Sunday, February 17, 2008

Are blacks really returning to the party of Lincoln? (By Melissa Harris-Lacewell) 9-2-04

By Melissa Harris-Lacewell. Melissa Harris-Lacewell is an assistant professor of political
science at the University of Chicago and the author of "Barbershops, Bibles, and BET:
Everyday Talk and Black
Published September 2, 2004 Chicago Tribune

African-American Republicans seem to be everywhere these days. Here in Illinois, the
Republican Party is fielding conservative Alan Keyes against rising Democratic star
Barack Obama. Nationally, the GOP is reporting that African-American representation
among Republican National Convention delegates has nearly doubled since 2000. The
GOP will prominently feature African-Americans such as Maryland Lt. Gov. Michael
Steele, Secretary of Education Rod Paige and even Princella Smith, the 20-year-old essay
winner of MTV's "Choose or Lose" campaign to encourage young people to vote.
Reporters covering this week's convention have focused on black Republicans holding
office everywhere from Mississippi to Ohio. All this media attention on a few black faces
generates a severe misperception that black Americans are swelling the ranks of the GOP.
Many Americans have wrongly assumed that all black people are Democrats. Under this
assumption, the existence of several hundred black Republicans on the convention floor
seems like a shocking new development. But 10 percent of the African-American vote
has been solidly and stably Republican since the end of the New Deal. Although the vast
majority of the black vote goes to the Democratic Party, the Republican minority has
been a consistent reminder that not all African-Americans think alike politically. But
there is no evidence to suggest that this minority is growing among black voters. In fact,
presidential candidate George W. Bush received less than 10 percent of the black vote in
2000 and has maintained low approval ratings among blacks throughout his White House
tenure. In the past four years, the Republican Party hasn't gained ground with black
voters despite high-profile black Cabinet appointments and convention appearances.
Observers may genuinely be confused by this seeming contradiction. How can blacks be
so much more visible in the GOP if the party has less support among black voters? The
answer is strategic. The Republican Party has developed a new racial strategy that
recognizes the value of cultivating and advertising its limited constituency among
African-Americans. During the racially tense decades of the civil rights movement and its
aftermath, the Republican Party pursued a thinly veiled strategy of distancing itself from
black voters and their interests in order to cultivate the white Southern vote.
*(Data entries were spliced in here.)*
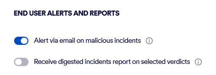 When enabled, an email alert will be sent each time an email or a file is assigned a malicious scan verdict.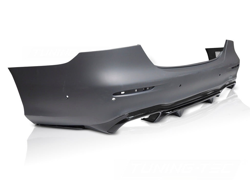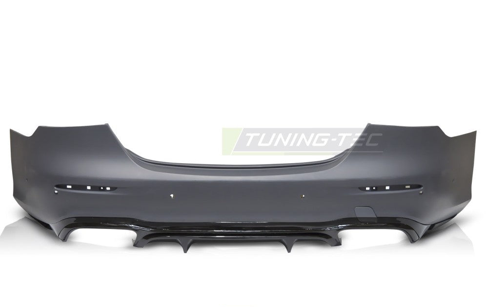 Sport-utgave av bakfanger mercedes e‑class w213 2020–2023 som bakre støtfanger mercedes e‑class w213 2020–2023 og støtfanger bak mercedes e‑class w213 2020–2023 med hull for parkeringssensorer (PDC). Laget av polypropylen for god passform og slitestyrke.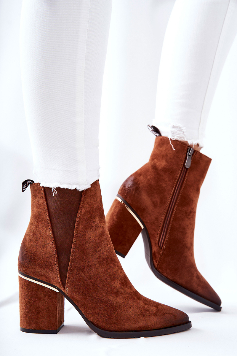 Zamszowe Botki Na Obcasie Brązowe Coriseis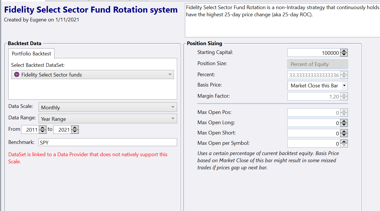 So I tracked down where the problem seems to be. I was able to recreate it using the sample Fidelity Rotation Strategy by using the Monthly scale.
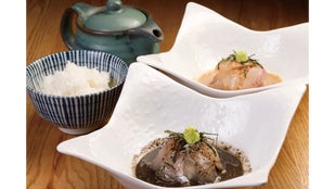 定番の白ごま鯛茶漬け、珍しい黒ごま鯛茶漬けをセットにてご用意しました。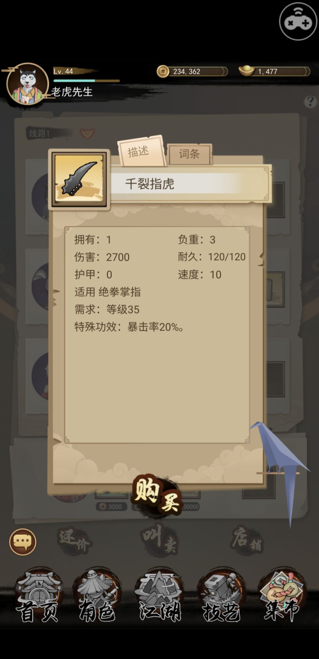 例如山贼副本产出的千裂指虎,特效是增加20%暴击率。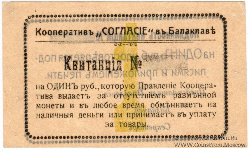 Квитанция без даты. Бланк. Цифра номинала узкая. Кооператив "СОГЛАСИЕ" в Балаклаве.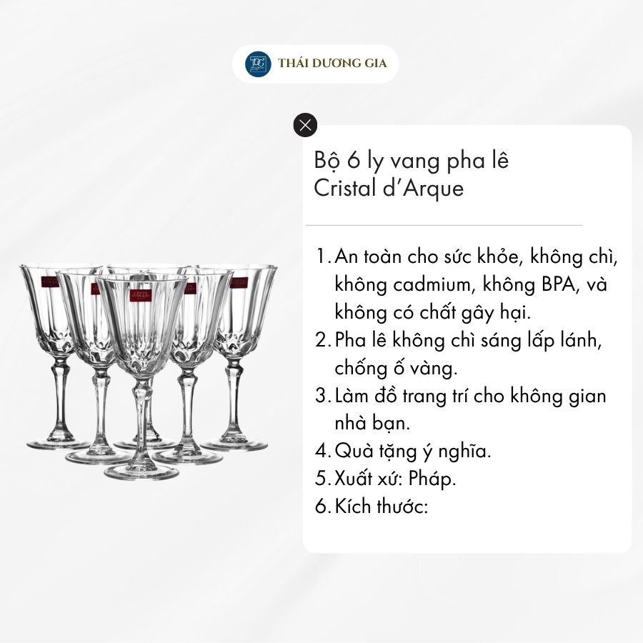 Để mua được (lọ hoa/ly/bát thả hoa) Cristal D’arques cao cấp nhập khẩu chính hãng và uy tín. Bạn nên đến cửa hàng Thái Dương Gia – nơi chuyên cung cấp các đồ gia dụng, đồ dùng nhà bếp đến từ các thương hiệu nổi tiếng với mẫu mã đa dạng, có sẵn tại cửa hàng. Tất cả các sản phẩm do Thái Dương Gia phân phối đều được kiểm định vệ sinh an toàn thực phẩm và giấy tờ CO, CQ để đảm bảo chất lượng trước khi nhập khẩu.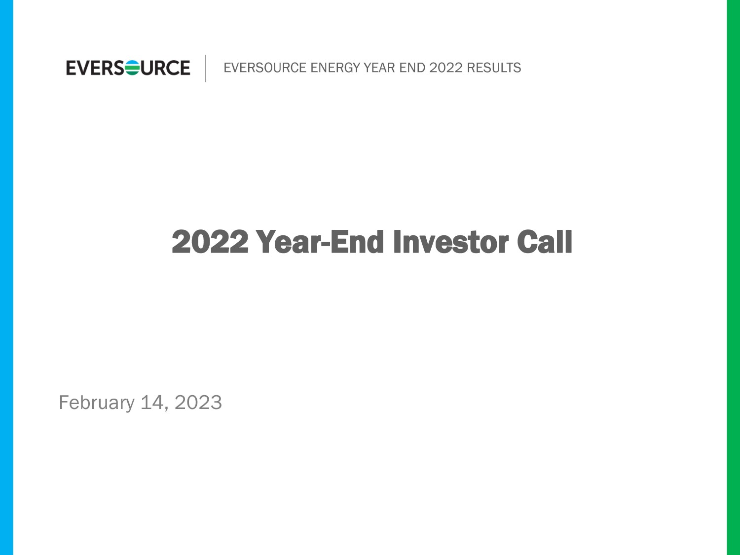 EVERSOURCE ENERGY YEAR END 2022 RESULTS February 14, 2023 2022 Year - End Investor Call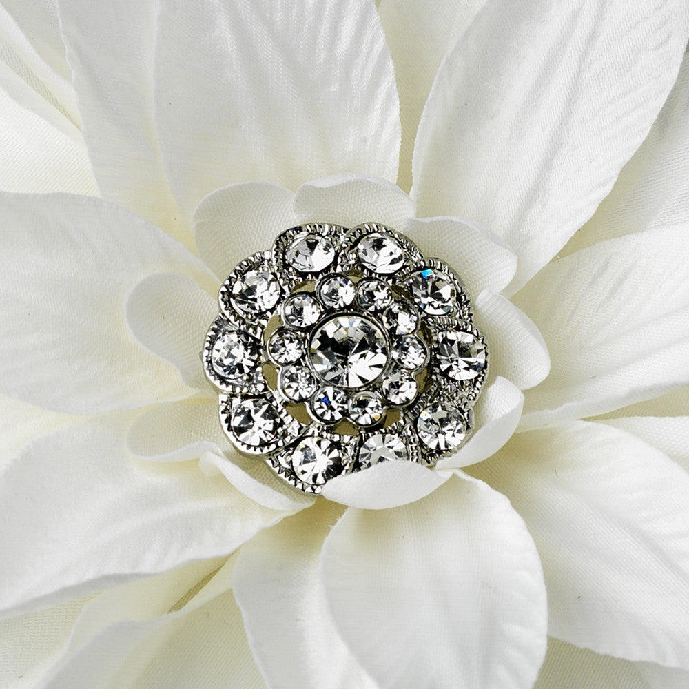 Rhodium Dahlia Hair Clip 517 or Clip Brooch with Petals & Sparkling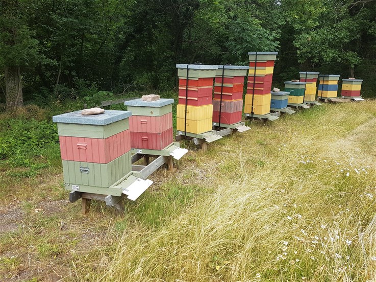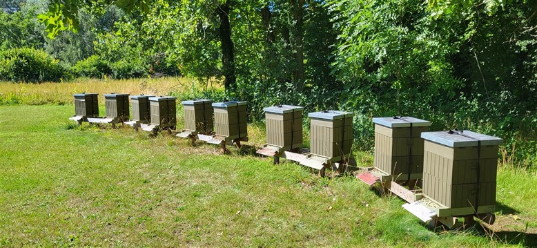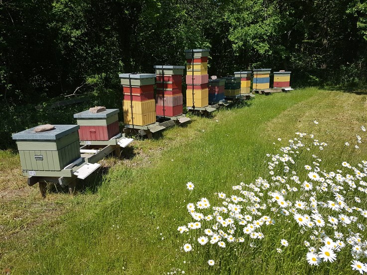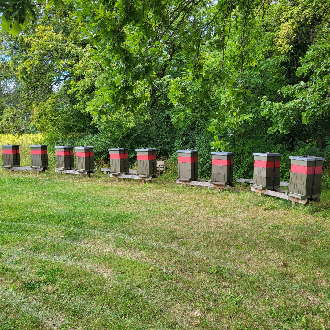 Det viktigaste med bigården är att det finns starka samhällen som kan sköta pollinering av alla växter, och honungen som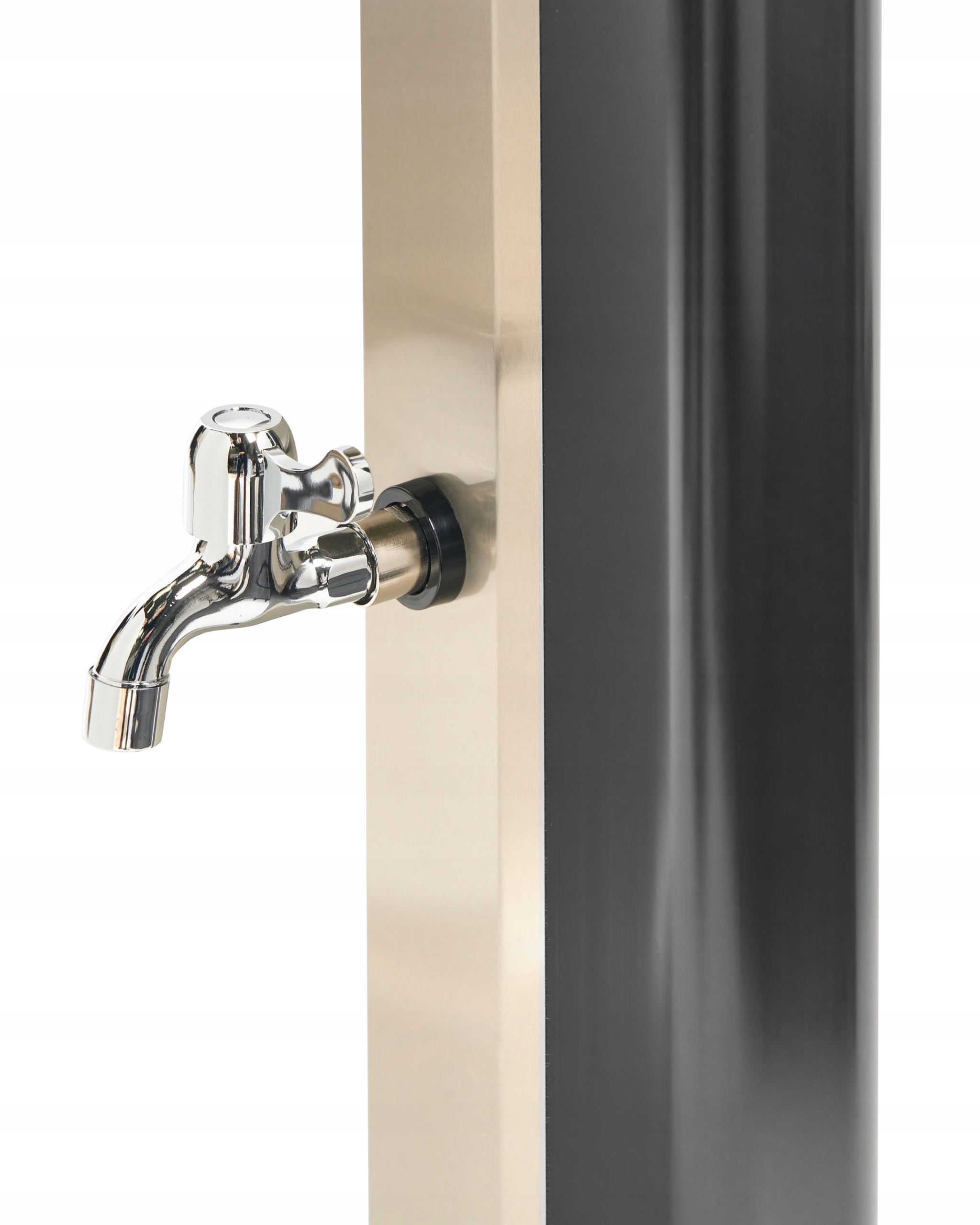 Этот элегантный отдельно стоящий садовый душ изготовлен из прочной нержавеющей стали, что обеспечивает долговечность. Работающий на солнечной энергии, он является экологическим решением для любого открытого пространства. Изделие также имеет кран меньшего размера, благодаря которому можно вымыть ноги перед входом в бассейн. Нежный поток воды напоминает летний дождь, принося освежение и расслабление в жаркие дни. Современный дизайн в сочетании с возобновляемым источником энергии гарантирует стиль и функциональность. Душ также легко установить и использовать ежедневно.

This strategy
allowed Republicans to successfully infiltrate and break the tenuous coalition of FDR's
New Deal that had uneasily combined conservative Southerners and progressive
Northerners.
In the past decade the country has moved toward a new racial politics that rejects
explicitly racist public statements and positions by elected leaders. In response, the
Republican Party has shifted its strategy. While it was once advantageous to hide black
Republicans from the view of white voters, it is now strategic to elevate black
Republicans to visible positions within the party. The goal of bringing these black faces
to the foreground is not to increase the share of African-American votes, but to signal to
moderate white voters that the party is not racist. The logic is cunning and simple.
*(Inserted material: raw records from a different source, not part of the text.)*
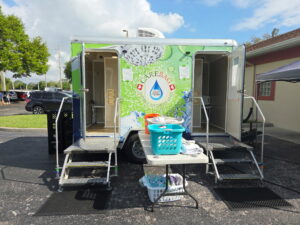 Flavia Souza-Pereira, office manager and human resources generalist, explains that the Salvation army “is here to serve in times of need.” This Wednesday morning, while the food pantry distributes groceries out front, volunteers from First Methodist Church wearing OLYN (Operation Love Your Neighbor) t-shirts hand out shower supplies around the back. By 10:45, nineteen people had already come in, and one more GoLine bus was expected to arrive soon. People can shower and change into fresh clothing stored in two trailers parked across the lot.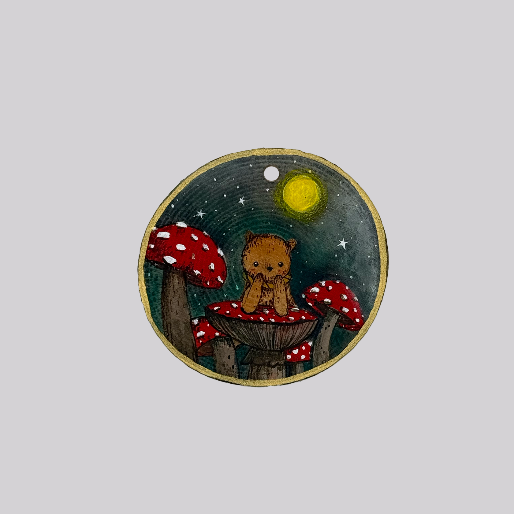 One of a kind, original hand-painted ornament (on a wood slice) with acrylic paint. Comes packaged in a box. Ready to hang for holidays or home decor. (Work is varnished and comes packaged with a string for hanging)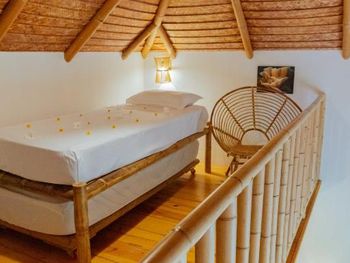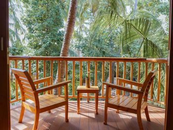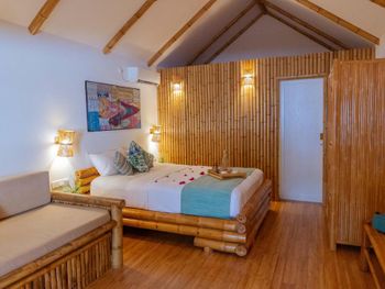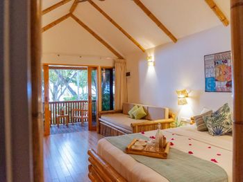 Отдых в отеле прошёл на ура и на отлично. Месторасположение просто супер - два шага и ты на пляже. Наш номер располагался в отдельном райском саду, с небольшой террасой , где были кресла и столик. Тут мы сидели, отдыхая и попивая напитки, чаёк за задушевными разговорами. Под пение птичек и шум волн. Ресторан располагается прямо на пляже на песке - завтракаешь, обедаешь, ужинаешь с прекрасными видами на океан, мимо проплывающих акул (по вечерам), вышагивающую цаплю, с видами на голубую воду. Видели даже однажды за завтраком резвящихся дельфинов. Отель, да и сам остров, утопают в зелени. Персонал очень дружелюбный и готовый помочь во всех вопросах. Также есть отдельно бар на пляже с навесом, диванчиками и креслами, столиками. И конечно же с видом на океан. Тут же наш отельный пляж с большими комфортными шезлонгами, зонтами, креслами и подушками-креслами. Есть местная библиотека у барной стойки, тут же есть игральные карты. В отеле можно взять в аренду маски и ласты. Обязательно снорклить, потому что у острова свой прекрасный домашний риф с богатой флорой и фауной. Плавают черепахи, множество разнообразных рыб, акулы (безопасные), мы даже один раз встретили стаю мант. Вечером ежедневно проходит кормление акул. Приплывают они в большом количестве и ждут лакомства в виде рыбы и остатков рыбной продукции с кухонь ресторанов от отелей. Также в компании с акулами приплывают скаты. В общем отдых удался. В отеле атмосфера релакса и спокойствия. И кстати концепция Эко - весь отель и практически все в нем сделано из бамбука и дерева. Питание вкусное. Рекомендую!!!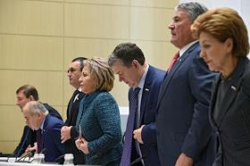 Пленарное заседание Совета Федерации (СФ) России. Справа налево: заместители председателя СФ России Галина Карелова, первый заместитель председателя СФ России Николай Федоров, председатель СФ России Валентина Матвиенко и заместитель председателя СФ России Юрий Воробьев во время заседания.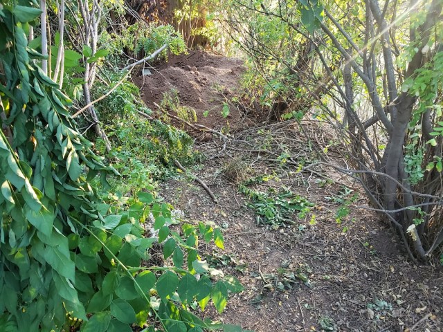 If you remember, the guy I live with cleared out the area on the northwest corner of our yard, where the electrical transformer is, but it turned out that no one needed to go there, for the electrical part anyway, but the telephone repair people did, so that made all that work worthwhile, and, additonally, now there’s a path cleared through the Employees Only section.

Republicans argue: How can Democrats level a charge of racism when there are so many
black people in our party? Individuals such as Alan Keyes, Colin Powell and Rod Paige
have the effect of reassuring "Soccer Moms" and "NASCAR Dads" that they can support
the Republican Party without signaling that they are racially biased. This is not so much
about attracting blacks as it is about reassuring moderate whites in a world with changing
racial attitudes.
These black Republicans are not new, they are just newly visible. The increased visibility
of an existing African-American constituency does not reflect a changing level of support
among black voters. Individual black Republicans are more visible within and better
supported by the GOP, but the Republican Party itself is not gaining votes among
ordinary black Americans. The distinction is subtle, but crucial. The black faces at this
week's convention are an indication that a few African-Americans are benefiting from
their rare position within a party largely hostile to the policy preferences of the majority
of African-Americans. It is not indicative of growing support for the GOP among
ordinary black folks. It is misleading to suggest that Bush and the GOP platform are
somehow wooing black voters.
It is not impossible for Republicans to increase their vote share among blacks. The overt
evangelical, moral language and social conservatism of the Republican Party reverberates
in deeply religious black communities. While blacks continue to vote overwhelmingly for
the Democratic Party, these same African-Americans are less emotionally attached to the
party. This suggests that blacks may be available for partisan realignment. But
Republicans will not win black voters through racial sleight of hand. Most black voters
are interested in progressive public morality and in conservative personal morality. These
voters remain distrusting of Republicans who appear to deploy blacks only for strategic
gain without substantive attention to African-American policy preferences. To know this,
one need only remember the echoes of thousands of black Chicagoans booing Alan
Keyes as he marched in last month's Bud Billiken Day Parade.